Дэмьен теперь уже не сомневался в том, что каждому из них становилось при
этом страшно. Но чего же Они боятся? Что может случиться от простого
прикосновения?
"Религиозные жертвоприношения, - подумал Дэмьен. - Посвященных приносят
в жертву. Ничего удивительного в том, что здесь собралась такая мощь. И
ничего удивительного в том, что она носит такой хаотический характер".

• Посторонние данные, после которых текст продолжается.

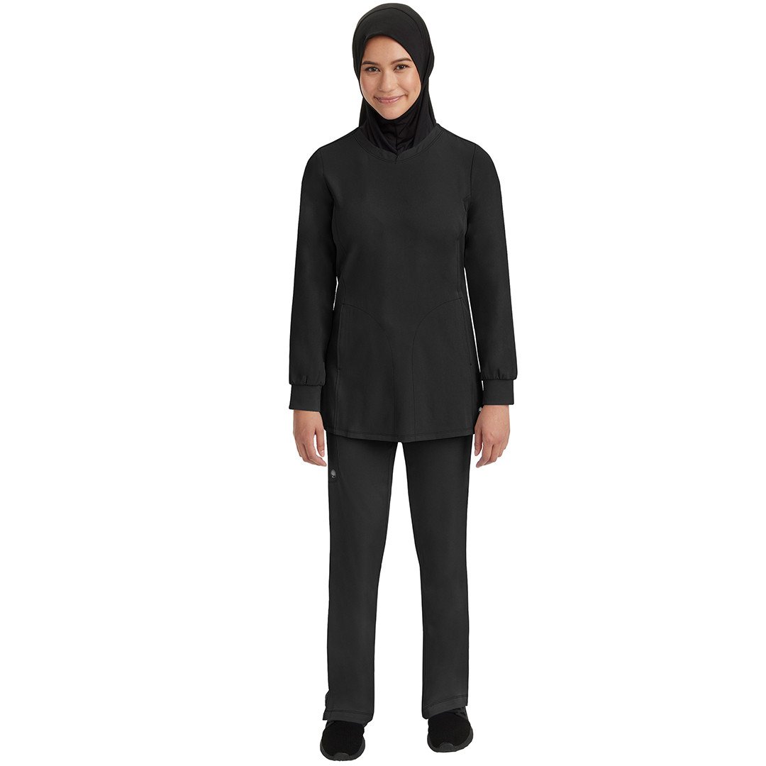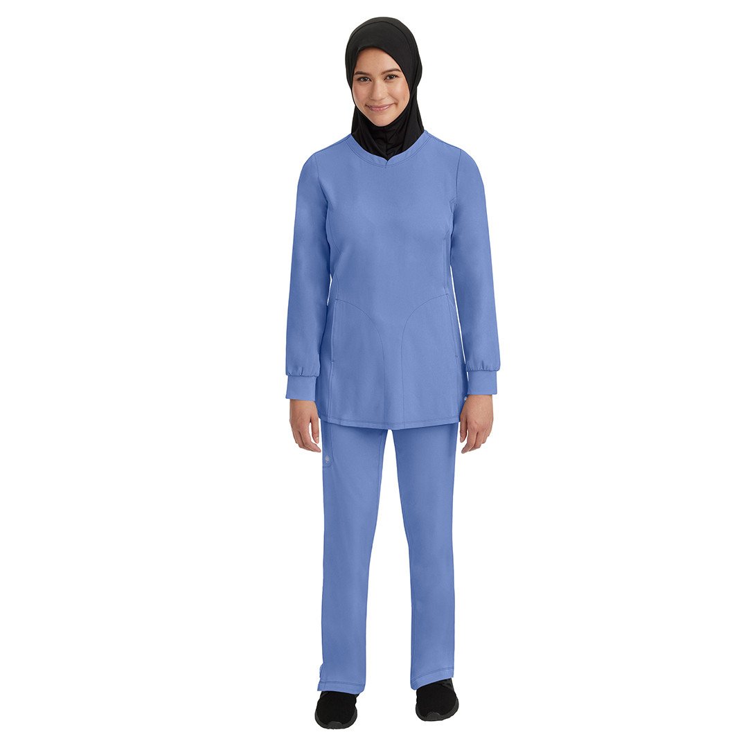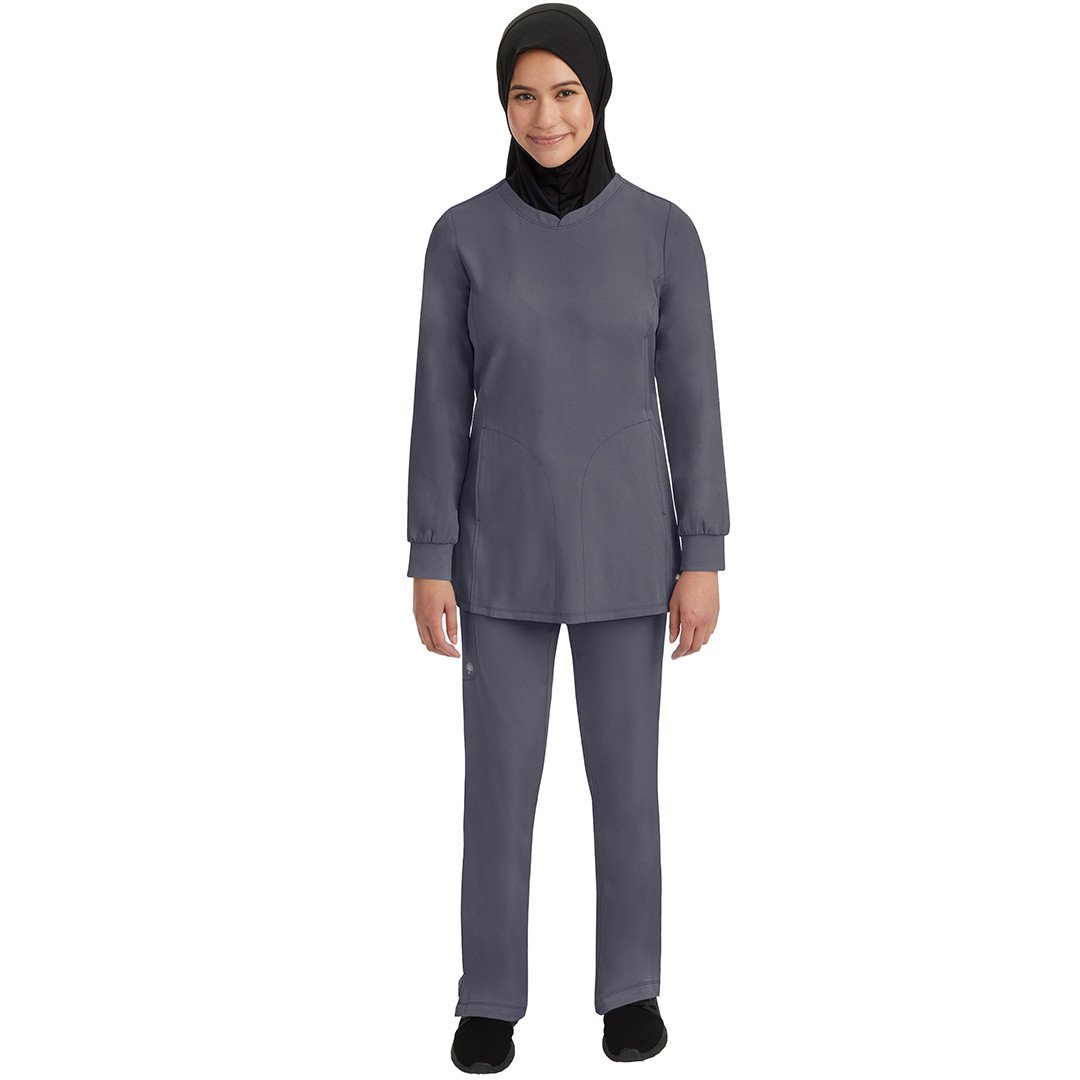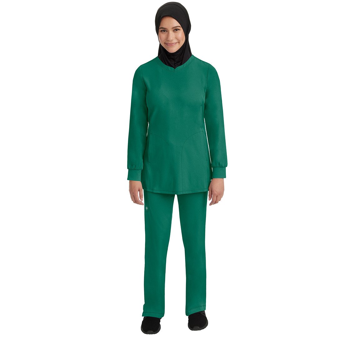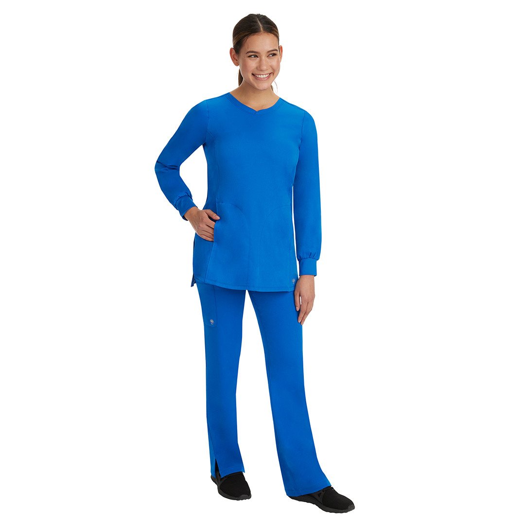 • Get full coverage with the tunic-length HH Works by Healing Hands Women's Fatima Solid Scrub Top.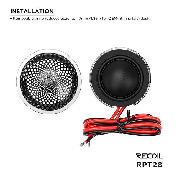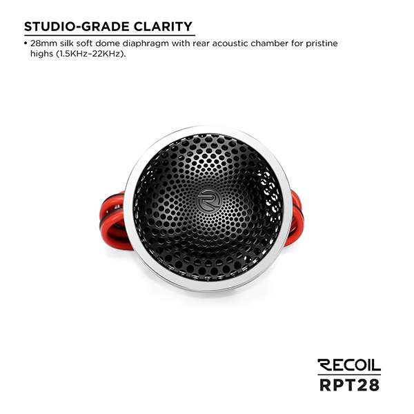 Introducing the Edge Audio RPT28 Hi-Fi Rear Chamber Tweeter – engineered to transform your car into an acoustic sanctuary. Featuring a silk soft dome diaphragm and a unique rear chamber design, the RPT28 delivers crystal-clear highs without harshness, reproducing frequencies from 1.5KHz to 22KHz with studio accuracy.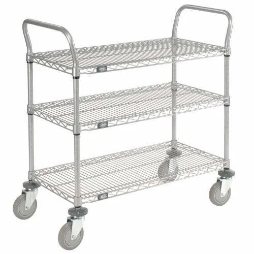 Nexel®, 3 Shelf, Utility Cart, Nexelate, 36"W x 24"Dx39"H, Poly Casters,4 Swivel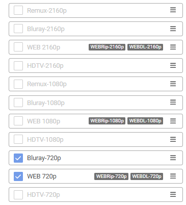 In the following screenshot, you will see a downgrade order of your Quality Sources where the highest Quality would be a WEB-720p and the lowest quality a Remux-2160p. As always, the upgrade order would be from bottom to top. (direction of the arrow)
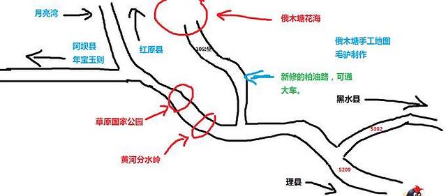 理论上来说这里完全是不需要攻略图的,但是由于我路痴病犯了,导致大巴车开过了转进俄木塘的路口,所以特此手工制作了一张小地图,希望世上再也不会出现我这样的傻叉了。这也能走错路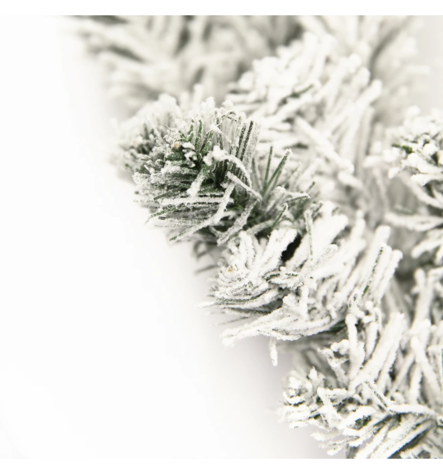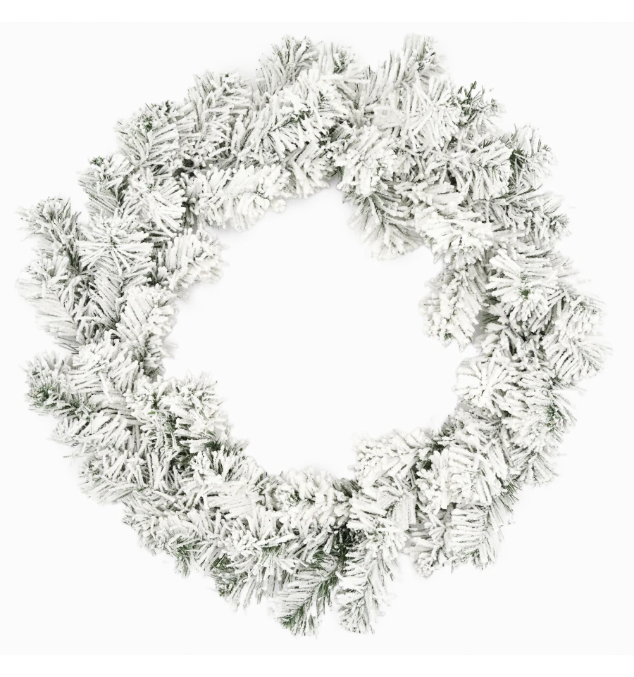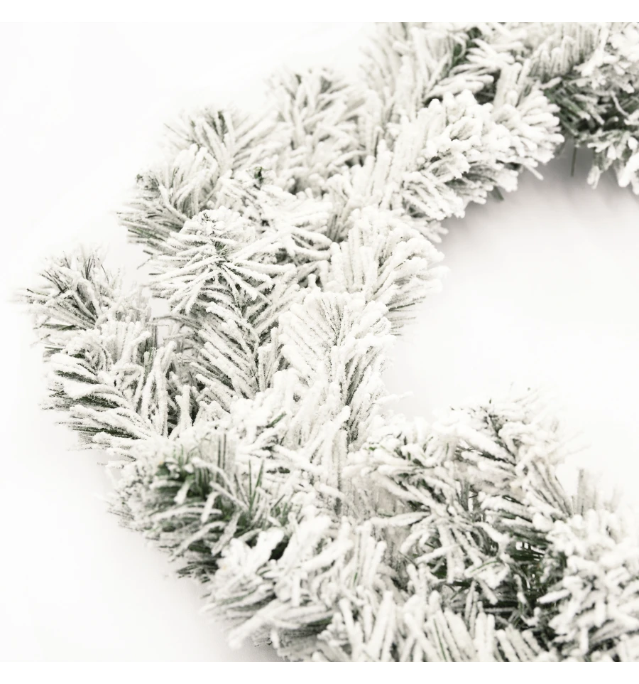 Красивый пышный заснеженный венок – традиционный подвесной декор для входных дверей дома и офиса в период новогодних праздников. Рождественский венок можно украшать зимними ягодами, веточками, пуансеттией, елочными шарами и другим декором. Все используемые материалы экологически чистые, имеют противопожарные свойства. Высокое качество материала позволяет изделию быть не только оригинальным и красивым, а еще и долговечным. Материал: ПВХ плёнка зелёного цвета, проволока. Ширина хвои — 6 см. Диаметр: 35 см.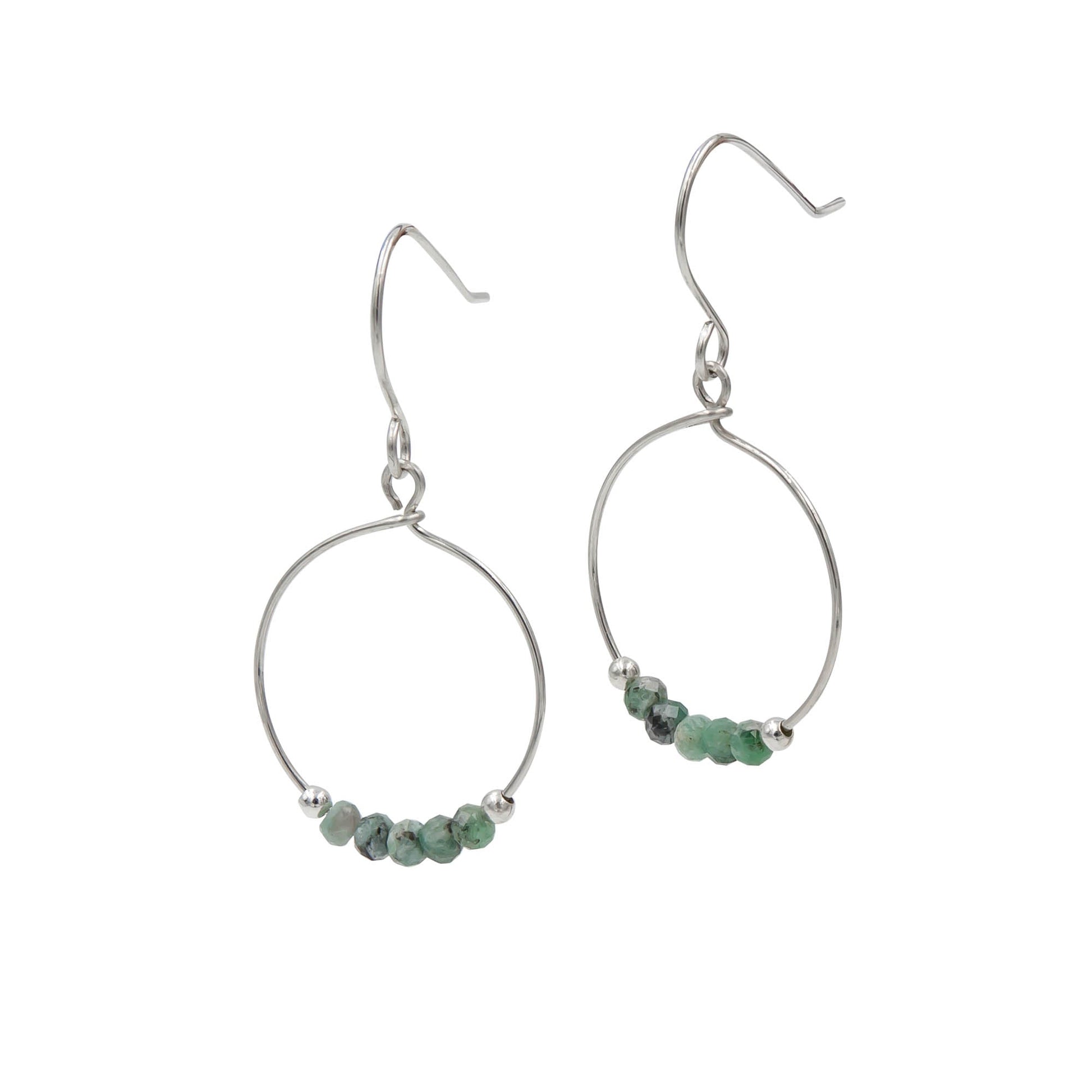 Wear a pair of these hoops for your everyday fashion. With faceted sparkling raw emeralds, accented with Sterling Silver beads on dangling hoops, these are a versatile modern style that will match any look.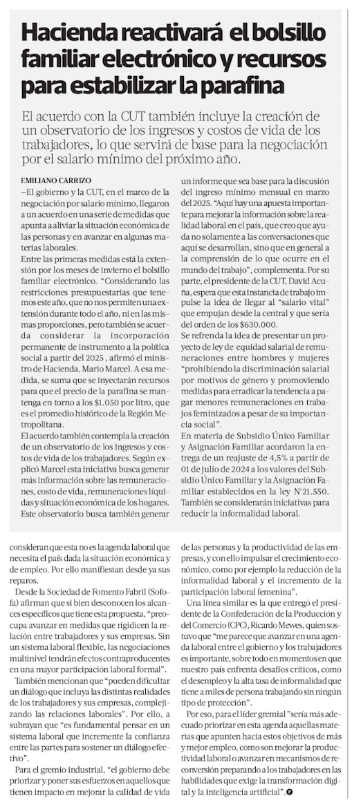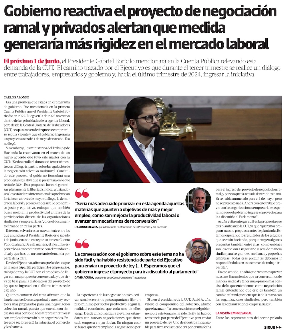 Gobierno accede a demandas de la CUT: enviará proyecto de negociación ramal y paquete de ayudas sociales - (El Mercurio de Santiago)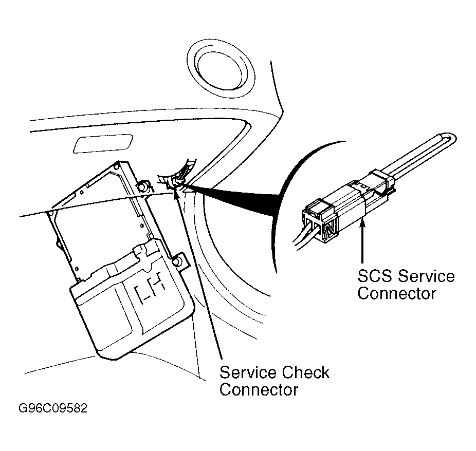 - Start engine and run under no-load condition until cooling fan comes on. Let engine idle. Locate Blue 2-pin service check connector, located below right side of dash at kick panel, and pull it out of its holder. Service check connector contains a Brown wire and Black wire. See Figure and Figure . Install SCS Service Connector (07PAZ-0010100) in Blue 2-pin service check connector. See Fig 1 .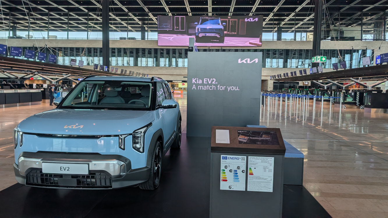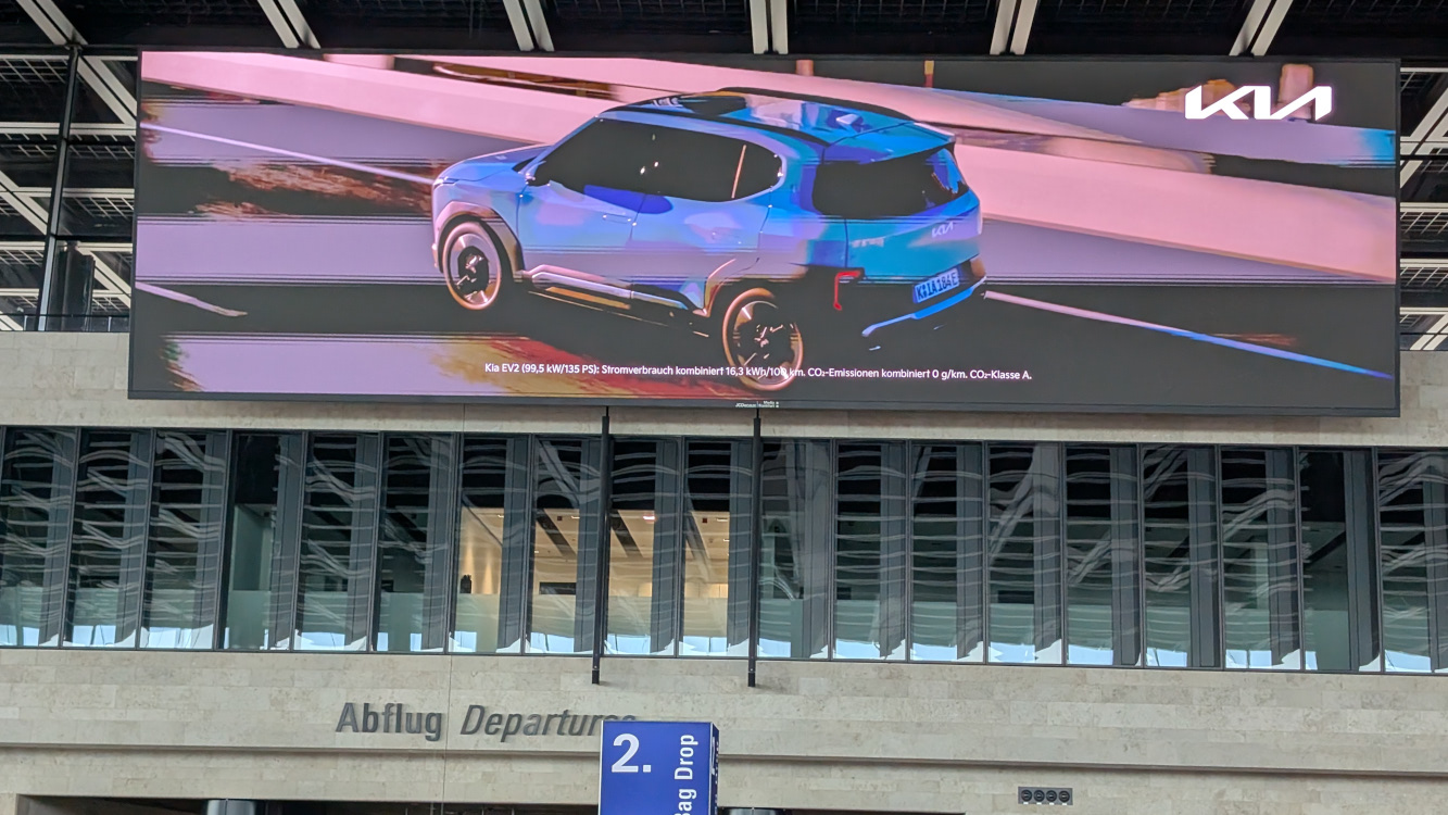 Upon entering the check-in hall, passengers are greeted by the “Digital Check-in Icons”: two large LED screens, each 120 square meters in size, supplied by M-Cube. Visible from almost every angle, they are complemented by adjacent promotional areas. At launch, Kia is using this prime location to showcase its EV2.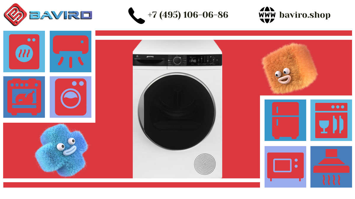 Итальянский бренд Smeg известен своими элегантными и технологичными решениями для дома. Сушильная машина DT393RU4 — не исключение: она сочетает вместительность, энергоэффективность и фирменный дизайн. Разберёмся, кому подойдёт эта модель и стоит ли её покупать. 🔹 Размеры: 84.5 × 59.6 × 60.9 см — стандартная узкая модель (глубина 60.9 см с учётом дверцы).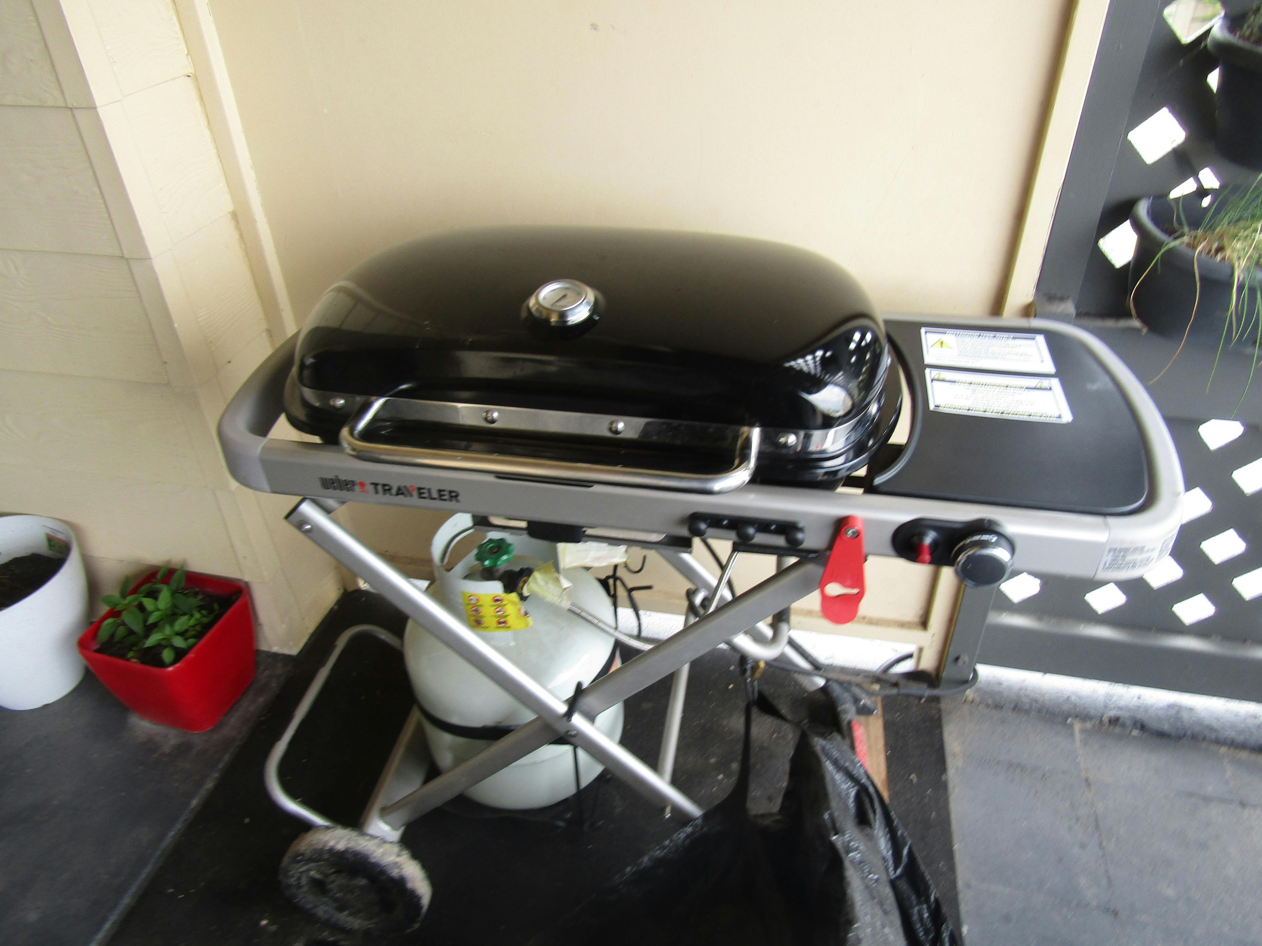 Private patio with sea glimpses, outdoor setting and hooded Weber Traveler gas BBQ.

Племя отверженных детей, посвятивших себя спасению таких же, как они сами,
детей из чудовищных лап Восточного сообщества. В каком-то смысле это
вполне понятно. Но общая картина все равно почему-то не складывалась. И
почему эти дети ведут себя так... ну хорошо, так странно, когда они
приближаются к основанию высокой статуи? И почему самому Дэмьену никак не
удается как следует присмотреться хотя бы к одному из них?
Священнику удалось практически освободить одну руку, и он, сделав
паузу, отдышался. Теперь окончательное избавление от пут стало
исключительно вопросом времени. Мысль об освобождении манила его
настолько, что он, казалось, уже чувствовал на губах вкус воли.
Дети меж тем тронулись с места. Все они, за одним-единственным
исключением, начали описывать круги вокруг статуи, отчаянно топоча при
этом. Кое-кто, захваченный общим ритмом, кружился, закрыв глаза. Некоторые
запели - но не какую-то общую песню, - и голоса то поднимались, то
опускались в такт сплошному топоту.
Один мальчик повернулся к статуе. Подняв обе руки, в одной из которых
был примитивный каменный топор, он обратился к черному изваянию.